Details of the US Federal Reserve's last meeting reveal divisions over how soon to reverse course on monetary policy, although the Fed appeared intent on completing a $600 billion bond-buying plan.
A few officials at the Fed's March 15 policy-setting meeting thought a stronger economy could warrant tightening monetary conditions this year, although others believed the Fed could maintain its ultra-loose stance beyond 2011, according to minutes of the meeting released on Tuesday said.
Similarly, some members of the Fed's policy panel thought the central bank should be prepared to cut short its bond purchases if growth quickened or inflation threatened to move higher. But several others did not anticipate any need for adjustments, the minutes said.
The split reflects the challenge the Fed faces in timing the withdrawal of its massive support for the US economy. The central bank cut overnight interest rates to near zero in December 2008 and then bought $1.7 trillion in mortgage-related and government debt. It launched its latest bond-buying plan in November.
Tightening US financial conditions too early could stifle a tentative economic recovery, while waiting too long could unleash a surge of inflation.
In a policy statement at the conclusion of its meeting on March 15, the Fed said the economy was on a firmer footing but that high unemployment and still-low inflation warranted continuing its support for the recovery.
Despite impatience among its ranks, top officials at the Fed have given no sign they intend to curb bond buying or move with any haste to tighter financial conditions.
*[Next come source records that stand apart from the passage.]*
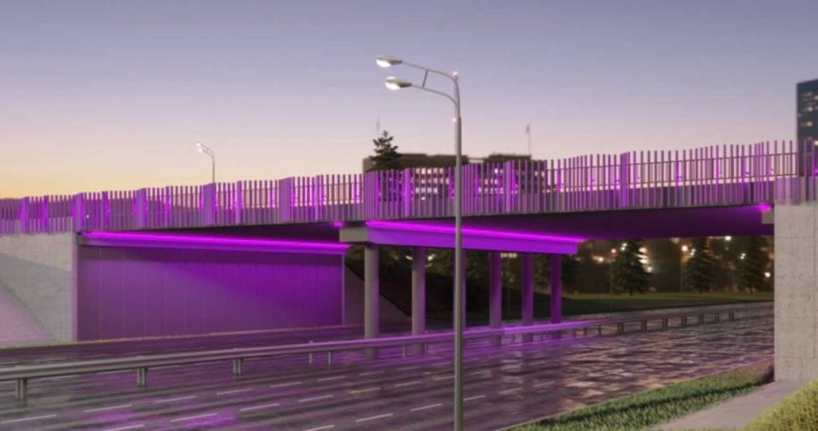 According to the contract documentation, the contractor is to install 1,680 LED and 189 linear luminaires with red, blue, green, and white LEDs on the overpass. The work must be completed by December 25, and a three-year warranty is provided.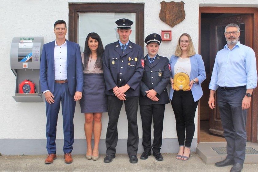 (ty) Im Gemeinde-Bereich von Hohenwart gibt es einen weiteren Defibrillator – und zwar in Weichenried. Die Volksbank-Raiffeisenbank Bayern-Mitte zeigte sich spendabel und kaufte das Gerät, das auch schon offiziell übergeben wurde (Foto oben). Angebracht wurde der Defibrillator mittlerweile am örtlichen Feuerwehrhaus, wo er nun rund um die Uhr zur Verfügung steht und für jedermann greifbar ist. Zu Übungs-Zwecken stellte außerdem die Gemeinde-Verwaltung ein entsprechendes Gerät zur Verfügung. Um den Einwohnern von Weichenried sowie den benachbarten Ortsteilen die Funktionsweise des Defi zu erklären sowie um Fragen in diesem Zusammenhang zu beantworten, will die Feuerwehr von Weichenried demnächst eine Info-Veranstaltung für alle Interessierten abhalten.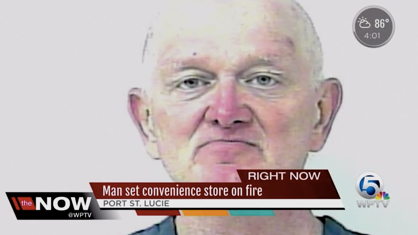“When the deputies arrived, they noticed the dumpster had been rolled in front of the doors and the contents were lit on fire,” said St. Lucie County Sheriff Ken J. Mascara in a statement. “Upon seeing our deputies, the man put his hands behind his back and said ‘take me away.’”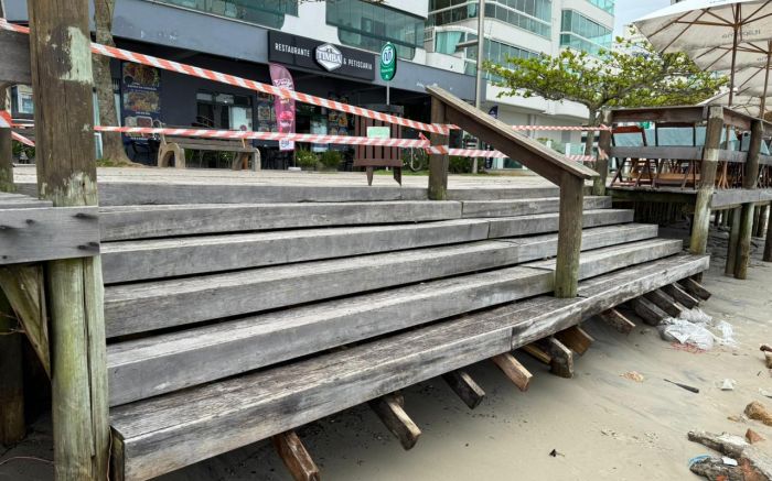 A força do mar provocou estragos no calçadão e nos deques da orla de Itapema entre a noite de segunda e a madrugada desta terça. O avanço das ondas atingiu principalmente a Meia Praia, arrastando areia, quebrando estruturas de madeira e deixando trechos do calçadão danificados. A prefeitura montou uma força-tarefa para conter os impactos da ressaca e garantir a segurança dos frequentadores.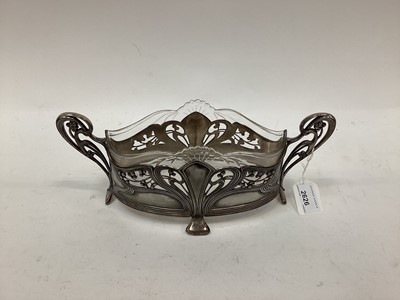 Lot 2627Art Nouveau pewter bowl with blue glass liner
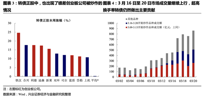 利用交易机制和过量资金赚取收益,这让转债投资者“不得不联想起”2020年3月出现的转债爆炒。彼时爆炒品种如横河转债、尚荣转债能够在单日贡献巨大成交量和价格波动,成为“投机场”。因此可以观察的现象是3月中旬中证转债成交量走势与全A指数明显背离,主要是炒作标的的贡献,而本周在万得全A成交量中枢继续回落的情况下创业板指波动与成交量同时放大,创业板综指更是强于创业板指,指向市场对小市值创业板标的偏好。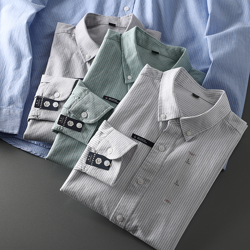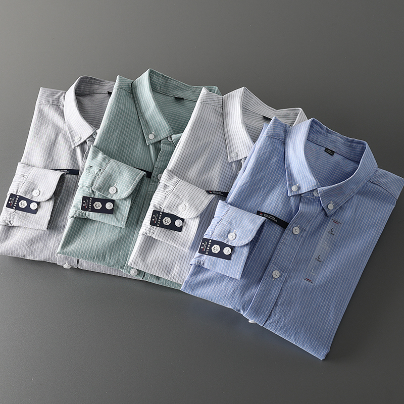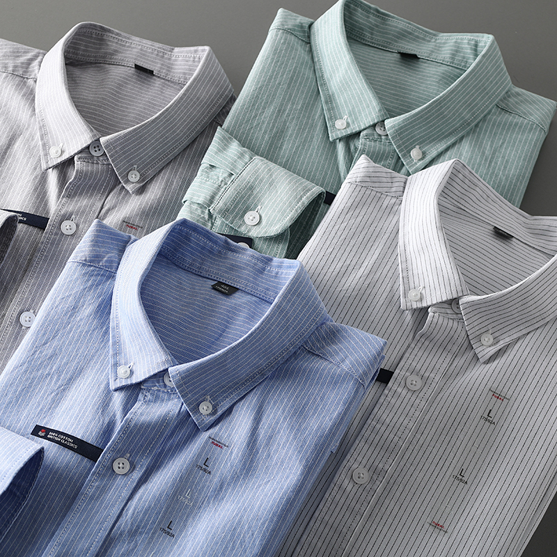 ストライプシャツ メンズ 長袖 シャツ ワイシャツ カジュアル トップス 細ストライプ柄 綿シャツ ビジカジ メンズファッション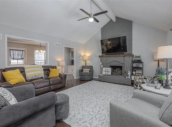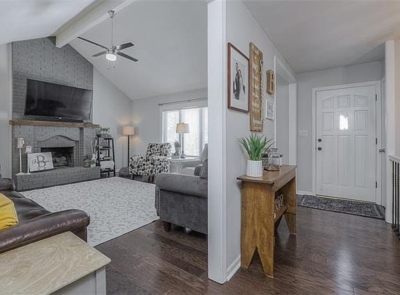 Spacious and open floor plan with updates throughout! Entire main level has gorgeous, engineered hardwoods! The large Great room offers floor to ceiling fireplace that opens to the kitchen with subway tile backsplash, granite counter/breakfast bar and stainless appliances! The dining area has a built in coffee/wine bar with granite counter and walks out to the deck and level backyard with privacy fence-perfect for grilling and entertaining! Master suite offers vaulted ceiling and ceiling fan and has a private bath with shower and tile floors. 2 additional bedrooms, 2nd updated bathroom and Laundry on the main level! Finished lower level includes a spacious family room with luxury vinyl flooring, wood burning fireplace and a half bathroom. Maintenance free exterior offers vinyl siding, newer windows and New roof! Extra deep garage fits your truck or suv and a workbench. Convenient location close to shops, dining, highways and Top Rated Blue Springs Schools! 2021-03-10

In that regard, the Fed stands in contrast to other major central banks around the world, which are ready to raise borrowing costs to counter rising prices. The European Central Bank is expected to bump rates higher on Thursday.
The Fed meeting minutes showed officials increasingly concerned about a surge in energy and commodity prices and the possibility an inflationary psychology might take root.
They concluded that the current bout of higher inflation would be temporary, but vowed to keep a watchful eye on whether consumers and businesses were beginning to expect higher inflation in the future. Such expectations could become self-fulfilling if built into wage and price decisions.